RE:RE:RE:RE:Treated Patients 13 to 30
DJDawg wrote:
Great conversation everyone. I just wanted to say that the patient tracker is almosr 100% based on the most recent newsletter. I just did the following:
- pluggedin the optimized patients as that is easy.
https://postimg.cc/jLWvsJRp
- then added in phase1b patient trio.
https://postimg.cc/yWGXrY0v
- finally, played with the spreadsheet to make the 33 total patients from the newsletter, make sense given the optimized and the 1b patient trio. In doing this I had to make some guesses. For example, to make the PR and CR numbers make sense at 180 days I assumed that one CR converted to a PR. Then to make it work at 270, one the NR totals only worked if we assumed that the PR patient converted to NR. And so forth. Really kind of like a soduku or wordle puzzle.
https://postimg.cc/XXr9FStF
I would really really love it if someone would duplicate the process from scratch from November newsletter to see if I made a mistake in assumptions. Takes half an hour to do.
As a final comment TLT sometimes posts data in a way that doesn't make sense math-wise so I think they are still error prone on their end. For example, looking at the new corp slide deck, I can't make sense of the math on slide 11, right sided image. The only way that it work is if the 90 day patient total is 18 but the 180,270,360,450 group size is 22 (not 18 which is what TLT says is the total in the newsletter itself).
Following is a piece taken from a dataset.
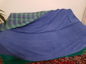 Due Sacchi a pelo Caleffi (imbottitura in poliestere,Fodera superiore 59% in poliestere e 41% in viscosa.Fodera inferiore in 100% in cotone).Usati pochissimissimi volte.Piu' due copriletti in cotone singoli adatti per lettini o in tenda.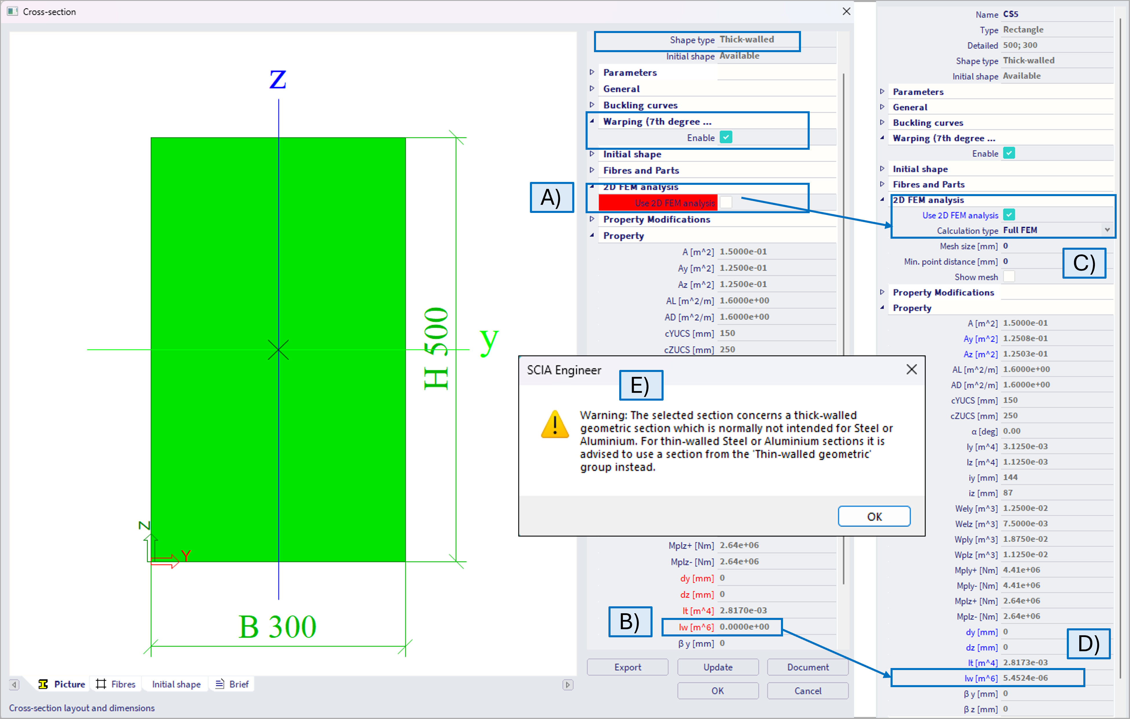 For thick-walled cross-sections, or in general cross-sections, where the warping constant Iw is highlighted by red color and equal to 0 when the 2D FEM method is not used (see figure below - A,B), it is necessary to consider 2D FEM method, ideally along with Full FEM method in order to consider the warping (figure below - C,D). In this case, the warping constant will not be 0 (unless valid 0 values for e.g circular sections, where warping does not occur). In case thick walled are used with steel material, there will be informative warning (E), as in general this is not typical use case, as in case of e.g. wood.

To add to the confusion the right side image says 33 on it.
https://postimg.cc/1nq6kDGB
So some of our challenges may be on the data we are working from.
Cheers.
When reporting data, it would behoove the company imo to separate the "fully" optimized (starting with patient 13) from the rest. The last newsletter did separate the data on optimized patients, however, this less than fully optimized group included those who had received an initial underdosed treatment. Combining data from a rightfully abandoned protocol with the corrected version simply gives an inaccurate representation of our ACT as currently recommended... not to mention providing a very confusing (if not impossible) picture for the lay public/investment community to interpret. Even the 1b results are only a measure of a patient's response after a "single" treatment, & as encouraging as these results are, this data may ultimately not reflect the true durability potential of our "two-dose" ACT. All imo.
Moving forward, I hope data can be reported in a more sensible way, separating the "fully" optimized from the less optimized from the entire patient population. In the end, it is the "fully" optimized group that should get the FDA's full attention. JMO.